Hybrid train debuts in Japan

East Japan Railway has demonstrated an environmentally friendly fuel cell hybrid train it developed, powered by a storage battery and two 65KW fuel cells.


East Japan Railway (JR East) has demonstrated an environmentally friendly fuel cell hybrid train it developed, powered by a storage battery and two 65KW fuel cells.



The New Energy Train (NE Train) can run at a maximum speed of 100 kph and it can travel for 50 to 100km between hydrogen refuelling stops, discharging only water. Unlike conventional trains it does not require a constant supply of electricity from overhead wires as it can store the energy that is produced when it brakes.



The train will begin test runs on actual train tracks from next April, according to JR East.

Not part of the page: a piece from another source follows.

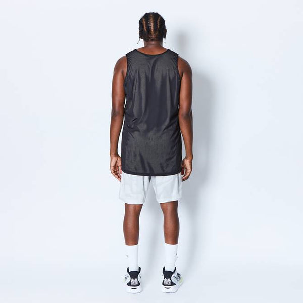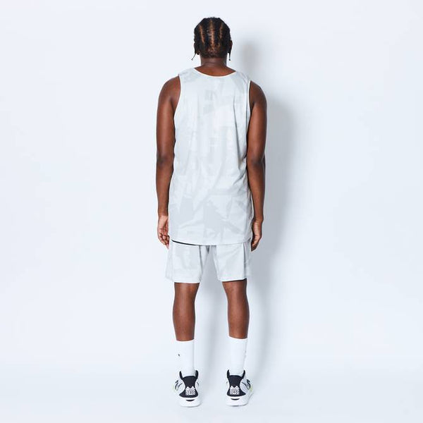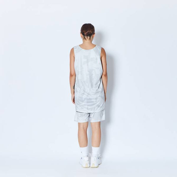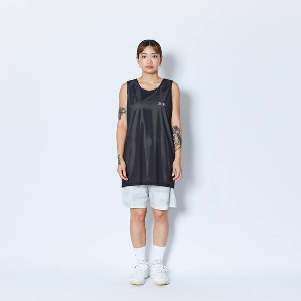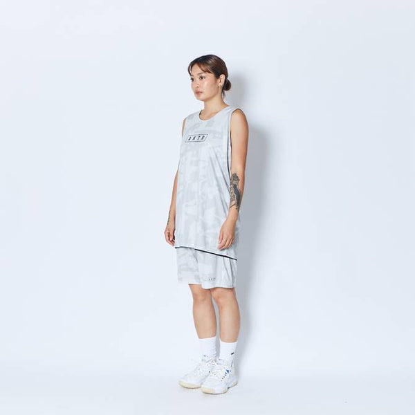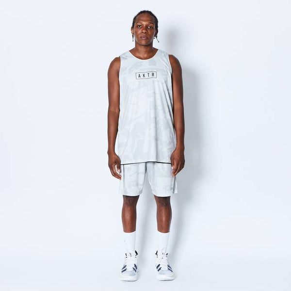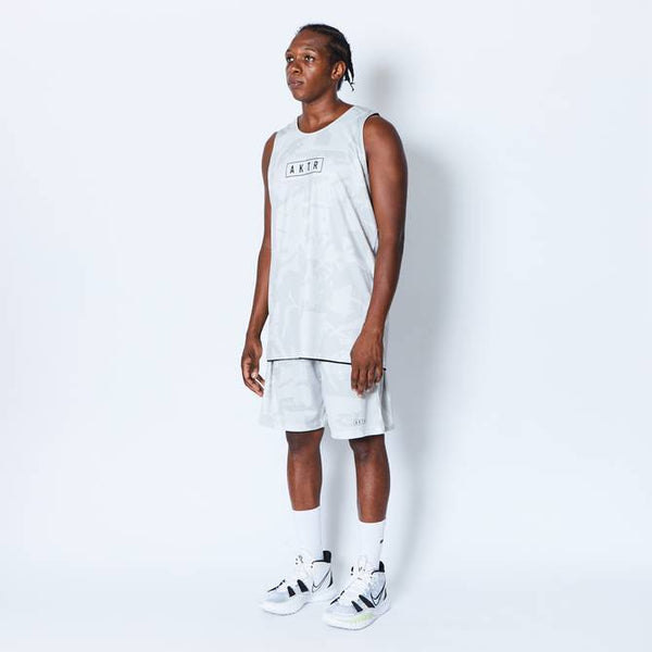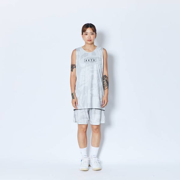 design:AKTRがシーズン毎にアップデートする総柄シリーズのリバーシブルタンクトップ。バスケットボールの写真を切り刻んで再構築したデザインをカモフラージュ柄で表現。総柄の面を裏返すと、胸にワンポイントのロゴをプリントしたシンプルなタンクトップに早変わり。その時の気分によって使い分けることが出来、試合のチーム分けの際にも大活躍。

The Railway Technical Research Institute, the JR group’s Tokyo-based research body, has been developing a fuel battery train, but this is the first to use both fuel cells and storage batteries.



Minoru Ogasawara, head of JR East’s centre for railway systems development, said, ‘There still are many issues to overcome, such as the cost and the distance it can travel, but it will improve the (city) view as it requires no overhead wires. We hope to make it a commuting train 10 or 20 years from now.’



JR East estimates the NE Train will consume about 20 per cent less energy than traditional trains. The company has cut overall energy consumption by 13 per cent since 1990, despite rising traffic volumes.



The new trains could be used in remote areas where there are no overhead power lines, replacing older battery-driven trains or those running solely on diesel.